As I passed through the vestibule of our apartment house I looked at the letter-boxes and noticed the narrow string of crape tied on the little knob, under the badly written name, "Browning." If the sad event had closed, as reported by the subordinates of Smith, the careless undertaker had forgotten to remove this shred of formality.

I found the murderer, forger and bad man of the border, in bed, snoring as if he was glad he had always stuck to the treadmill of virtue, and had never murdered a wife to get another with money, or had raised a check for a cool million or so without the formalities of a pious purloiner from the people's purse. No criminal in history had ever slept with a smoother rhythm to his heart-beat than this one, with the élite of New York's private detective bureaus hot upon his trail for a long chase. His sonorous snore might have sent a waver through the mind of the crafty Tescheron, and made the wily Smith feel that the case would dwindle to less than a week's job, when he was probably figuring on a good two thousand dollars in it, having sized up the buyer pretty well.

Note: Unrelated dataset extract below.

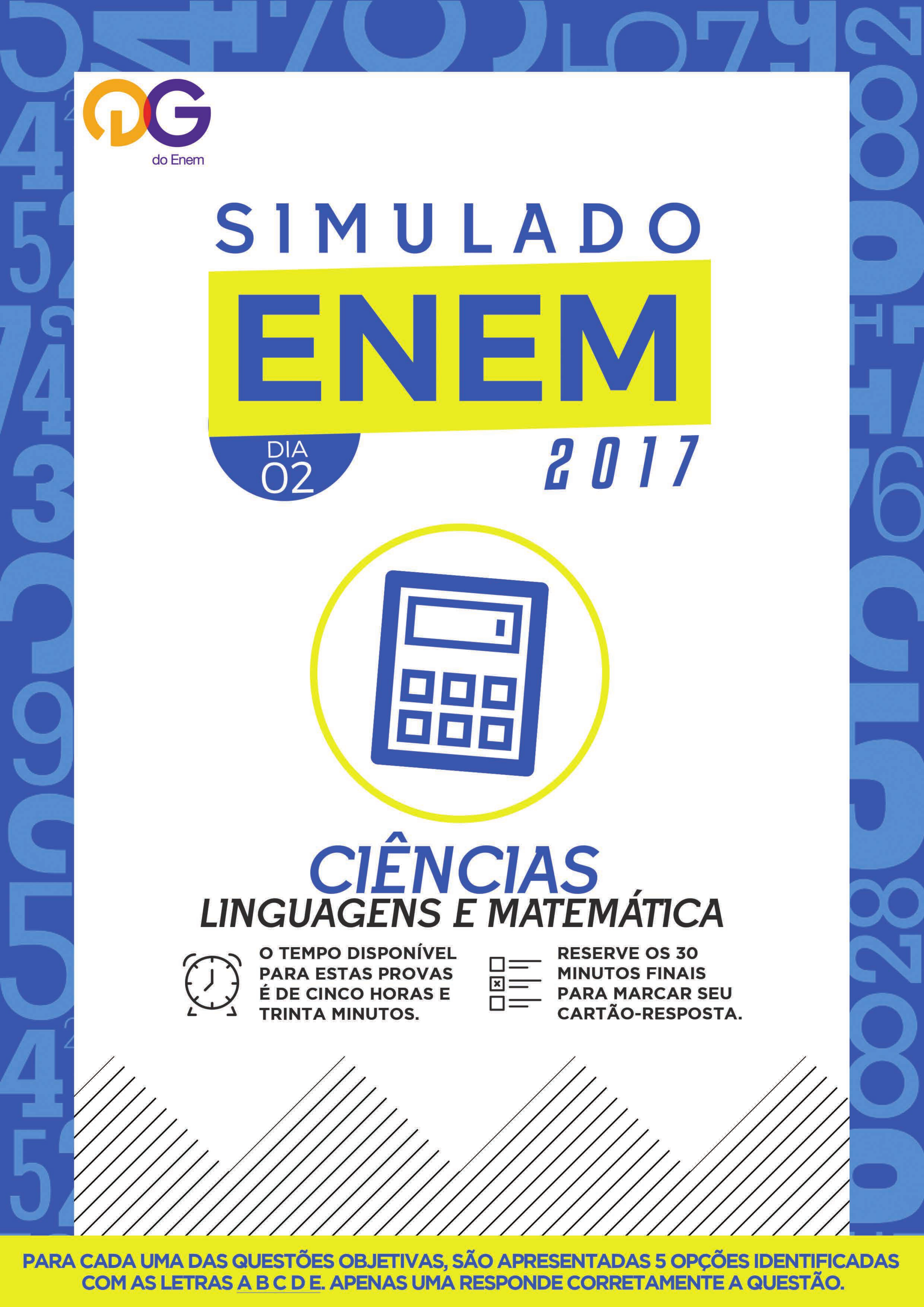 Leia atentamente as seguintes instruções: 1. Você deve receber do fiscal o material abaixo: a) este CADERNO, com 90 questões objetivas (de nos 1 a 90) b) 01 (um) CARTÃO-RESPOSTA, destinado à marcação das respostas. c) Você deve assinalar apenas UMA ALTERNATIVA PARA CADA QUESTÃO. A marcação em mais de uma alternativa anula a questão. d) No CARTÃO-RESPOSTA, a marcação das letras, correspondentes às respostas de sua opção, deve ser feita preenchendo todo o espaço compreendido no retângulo, com caneta esferográfica de tinta preta ou azul, com um traço contínuo e denso, como no exemplo acima. 2. Reserve os 30 (trinta) minutos finais para marcar seu cartão-resposta. Os rascunhos e as marcações assinaladas no caderno de questões não serão levados em conta. 3. O tempo disponível para a prova é de 5 horas e 30 minutos. LEIA ATENTAMENTE AS INSTRUÇÕES SEGUINTES 2O DIA CADERNO 1 AMARELO PROVA DE LINGUAGENS, CÓDIGOS E SUAS TECNOLOGIAS PROVA DE MATEMÁTICA E SUAS TECNOLOGIAS 1o SIMULADO ENEM 2016 1 Este CADERNO DE QUESTÕES contém uma prova de Redação e 90 questões numeradas de 1 a 90, dispostas da seguinte maneira: a. prova de Redação; b. as questões de número 1 a 45 são relativas à área de Linguagens, Códigos e suas Tecnologias; c. as questões de número 46 a 90 são relativas à área de Matemática e suas Tecnologias. ATENÇÃO: as questões de 1 a 5 são relativas à língua estrangeira. Você deverá responder apenas às questões relativas à língua estrangeira (inglês ou espanhol) escolhida. 2 Confira se o seu CADERNO DE QUESTÕES contém a quantidade de questões e se essas questões estão na ordem mencionada na instrução anterior. Caso o caderno esteja incompleto, tenha qualquer defeito ou apresente divergência, comunique ao aplicador da sala, para que ele tome as providências cabíveis. 3 Preencha corretamente os seus dados no CARTÃO- -RESPOSTA. 4 ATENÇÃO: após o preenchimento, escreva e assine seu nome nos espaços próprios do CARTÃO-RESPOSTA com caneta esferográfica de tinta preta. 5 Marque no CARTÃO-RESPOSTA, no espaço apropriado, o CÓDIGO DA PROVA abaixo. CÓDIGO DA PROVA (INGLÊS): 31004 CÓDIGO DA PROVA (ESPANHOL): 31204 6 Não dobre, não amasse nem rasure o CARTÃO- -RESPOSTA, pois ele não poderá ser substituído. 7 Para cada uma das questões objetivas, são apresentadas 5 opções identificadas com as letras , , , e . Apenas uma responde corretamente à questão. 8 No CARTÃO-RESPOSTA, preencha todo o espaço compreendido no círculo correspondente à opção escolhida para a resposta. A marcação em mais de uma opção anula a questão, mesmo que uma das respostas esteja correta. 9 O tempo disponível para esta prova é de cinco horas e trinta minutos. 10 Reserve os 30 minutos finais para marcar seu CARTÃO- -RESPOSTA. Os rascunhos e as anotações assinaladas no CADERNO DE QUESTÕES não serão considerados na avaliação. 11 Quando terminar as provas, acene para chamar o aplicador e entregue o CARTÃO-RESPOSTA. 12 Você poderá deixar o local de prova somente após decorridas duas horas do início da aplicação. 13 Você será eliminado do Simulado, a qualquer tempo, no caso de: a. prestar, em qualquer documento, declaração falsa ou inexata; b. perturbar, de qualquer modo, a ordem no local de aplicação das provas, incorrendo em comportamento indevido durante a realização do Simulado; c. comunicar-se, durante as provas, com outro participante verbalmente, por escrito ou por qualquer outra forma; d. portar qualquer tipo de equipamento eletrônico e de comunicação após ingressar na sala de provas; e. utilizar ou tentar utilizar meio fraudulento, em benefício próprio ou de terceiros, em qualquer etapa do Simulado; f. utilizar livros, notas ou impressos durante a realização do Simulado; g. ausentar-se da sala de provas levando consigo o CARTÃO-RESPOSTA a qualquer tempo. LG – 2o dia | Caderno 1 - Amarelo - Página 2 TEXTO I Segundo Marcos Bagno, autor do livro “Preconceito Linguístico – o que é, como se faz.”, esse tipo de preconceito nasce da ideia de que há uma única língua portuguesa correta, que é a ensinada nas escolas, está presente nos livros e dicionários e baseia-se na gramática normativa. Disponível em: poeticadepensee.wordpress.com. TEXTO II Não existe homem sem língua. Mesmo as pessoas com deficiências diversas adotam um sistema de comunicação. Quem é surdo, por exemplo, usa a linguagem de sinais. Sendo assim, não existe razão para que tenhamos preconceito com relação a qualquer variedade linguística diferente da nossa. Preconceito linguístico é o julgamento depreciativo, desrespeitoso, jocoso e, consequentemente, humilhante da fala do outro ou da própria fala. O problema maior é que as variedades mais sujeitas a esse tipo de preconceito são, normalmente, as com características associadas a grupos de menos prestígio na escala social ou a comunidades da área rural ou do interior. Historicamente, isso ocorre pelo sentimento e pelo comportamento de superioridade dos grupos vistos como mais privilegiados, econômica e socialmente. Disponível em: revistagalileu.globo.com. TEXTO III Disponível em: grupobeatrizeviva.blogspot.com.br. TEXTO IV O Censo 2010, do Instituto Brasileiro de Geografia e Estatística (IBGE), revelou que 274 línguas indígenas são faladas no país por 37,4% dos índios com mais de cinco anos de idade. Do total, seis mil deles falam mais de duas línguas. A fluência em pelo menos uma delas foi verificada em 57,3% dos índios que vivem em terras indígenas reconhecidas. Fora delas, o índice cai para 12,7%. O português não é falado por cerca de 130 mil pessoas, ou 17,5% do total. Disponível em: noticias.terra.com.br. INSTRUÇÕES: • O rascunho da redação deve ser feito no espaço apropriado. • A redação que apresentar cópia dos textos da Proposta de Redação ou do Caderno de Questões terá o número de linhas copiadas des

I felt satisfied that my telegram would put some insomnia in Ninety-sixth Street when the great work closed for the night at the Fifth Avenue Hotel, and the protector of the household returned to rest those tired wheels that had been whirring fast in his head since 2 P. M., short-belted to the Smith dynamo of fraud.

I didn't expect to do much sleeping myself, so I proceeded to divest and relax under the sedative pull of my pipe. For about half an hour I creaked the comfortable rocker, and pondered on that old subject of fools and their money, and how it was that wise men like myself had so little of it. The solitudes and soliloquies of life appealed to me—especially with a nice bunch of fake crime hovering in the air between me and, say, a few feet beneath my rocker. I was lolling in our front parlor, probably not ten feet above the spot just vacated by the latest victim, and the man who would swing or singe for the deed was playing a soft nostrilian air two doors down the hall—but, no! The tune stopped! The villain had turned 216 pounds over on a set of springs which shiveringly reported the man-quake in their midst. A brief moment of calm—just enough for a murderer to lick his chops and gather a lulling sense of monotony from the contemplation of a fresh wife-slaying, and he was off again with the sheriff after him for exceeding the speed limit. His horn was clearing the track and the vibrations blended in a romping continuity.

The deeper Jim got into his Bluebeard dreams, or his fairyland of love, the deeper I got into my hobby, political economy, and to thinking of the wide difference between us.

Somebody had to do a little thinking, for Fate was tying our affairs in hard, wet knots, and the chances were we'd have to stay under the stream of life's perplexities. Jim was so smooth in appearance (alas! but not in tongue) he might slip out of a corner as easily as his fine manners enabled him to progress in society. But I was no man for style. I could cut no swath with women. The few times I had tried it, the scythe had turned upon me, took me for an extra tough bunch of wet grass and stung me badly. I could see that my chances there were poor. If Jim got out of this murder business, as I believed he would soon, I intended to run the flat alone, fill it full of books written by people who have advised the country out of a spirit of pure patriotism (and into a worse hole), and after reading all they had to say, I thought I could produce something original that would put them all out of print, with my small volume standing alone on the shelves, as the last word on the pursuit of happiness, containing full directions on how to keep to the trail, from birth to the grave, with a stop-over ticket at the last-named junction. I felt that all this was in me, just as Jim felt there was something in him, he didn't know what, but so long as it kept him fidgeting he knew it was there.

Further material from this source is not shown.